┌────────

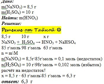 Для получения азотной кислоты взяли 8,5 грамм нитрата натрия и 10 грамм серной кислоты.Сколько азотной кислоты получилось используйте следующие формулы
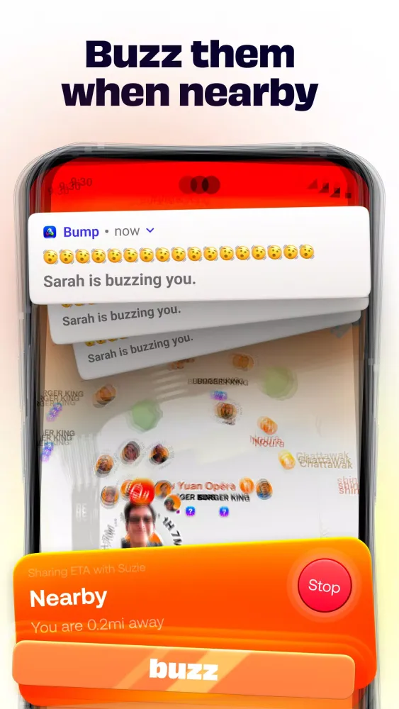 - Proximity Alerts: Buzz your friends when you're nearby to grab their attention.
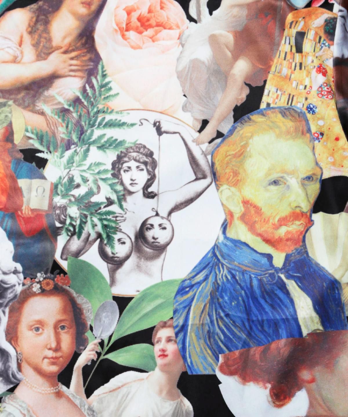 絵画モチーフのグラフィックがをコラージュにしたオリジナルグラフィックを使用。
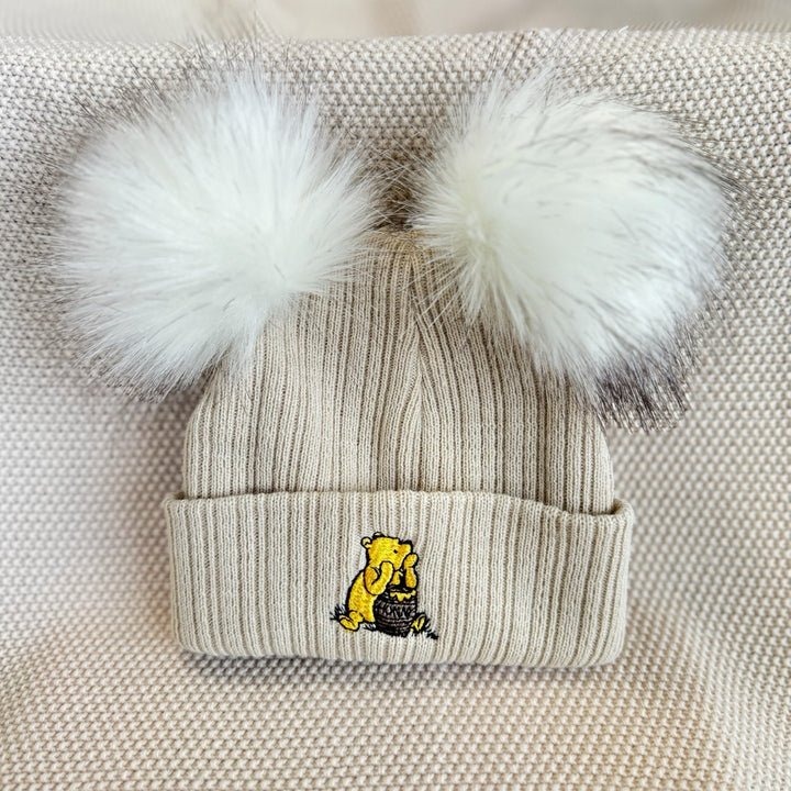 A taupe ribbed hat with super cute double faux fur pom and pooh bear embroidery!
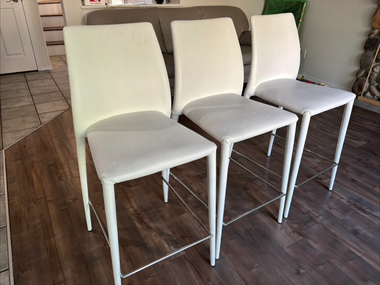 10Selling a set of three bar stools. They have been well used but are in good condition. The stools measure approximately 100cm in total height and the seat is 65cm off the floor. They would look great in any kitchen or bar area.
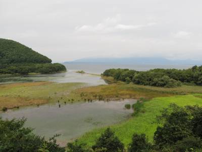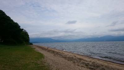 今まで見てきた湖とはひと味違った光景に息を呑む。天橋立のように、小さな砂州が湖からこちらを隔てていて、こちら側は浅瀬になっている。鬼沼というそうだ。山の深い緑と、鮮やかな黄緑と水の織りなすグラデーションが心地よい。ううん、湖を隔てた向こう側は雄大な磐梯山が見えるはずなのだが・・・・。
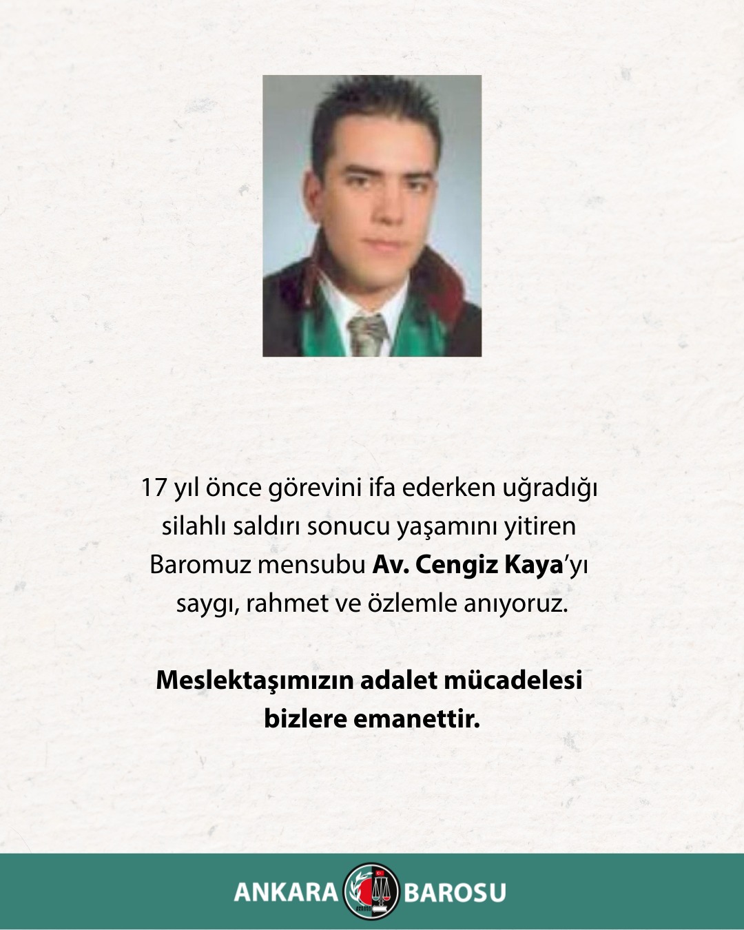 17 YIL ÖNCE GÖREVİNİ İFA EDERKEN UĞRADIĞI SİLAHLI SALDIRI SONUCU YAŞAMINI YİTİREN BAROMUZ MENSUBU AV. CENGİZ KAYA’YI SAYGI, RAHMET VE ÖZLEMLE ANIYORUZ. MESLEKTAŞIMIZIN ADALET MÜCADELESİ BİZLERE EMANETTİR.
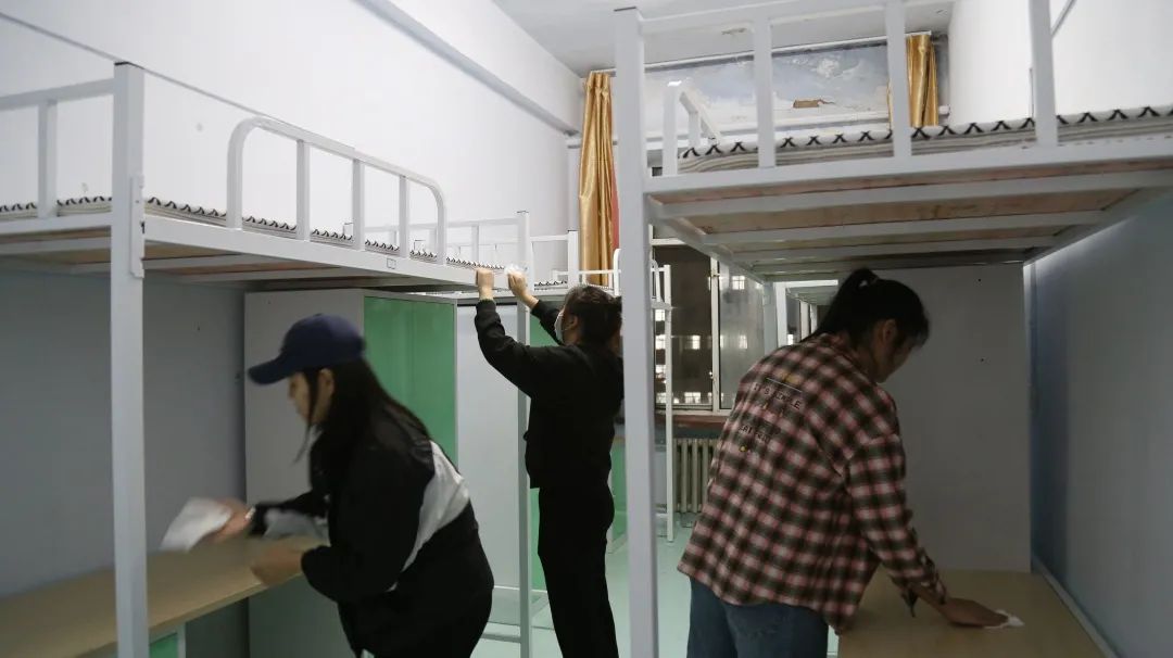 志愿者们分工协作,积极展开清扫活动,楼道里随处可见大家忙碌的身影,打扫工作有条不紊的进行。志愿者们细致入微,不光对地面、抽屉里的杂物进行了清理,还仔细擦拭了窗台、玻璃、桌椅、床板,最后,将寝室内的桌椅摆放整齐,对房间里的每一个细节之处都进行了仔细的打扫。经过志愿者成员们的共同努力,寝室环境得到了很好的改善,新生宿舍面貌焕然一新。在检查验收时,宿管部对打扫成果予以肯定。
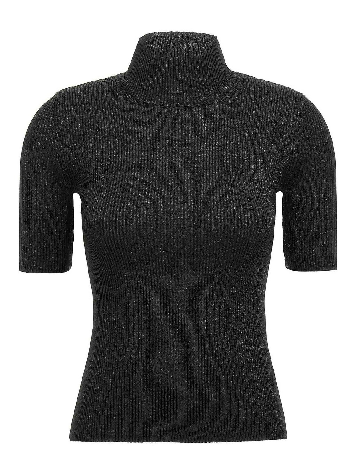 Ribbed knit 'roll-neck' lurex sweater, stretch sweater, high neck and short sleeves.

└────────

Ending at the line with "A taupe ribbed", reproduce exactly the lines that begin at the top of the data, and include no pictures.

 Для получения азотной кислоты взяли 8,5 грамм нитрата натрия и 10 грамм серной кислоты.Сколько азотной кислоты получилось используйте следующие формулы
 - Proximity Alerts: Buzz your friends when you're nearby to grab their attention.
 絵画モチーフのグラフィックがをコラージュにしたオリジナルグラフィックを使用。
 A taupe ribbed hat with super cute double faux fur pom and pooh bear embroidery!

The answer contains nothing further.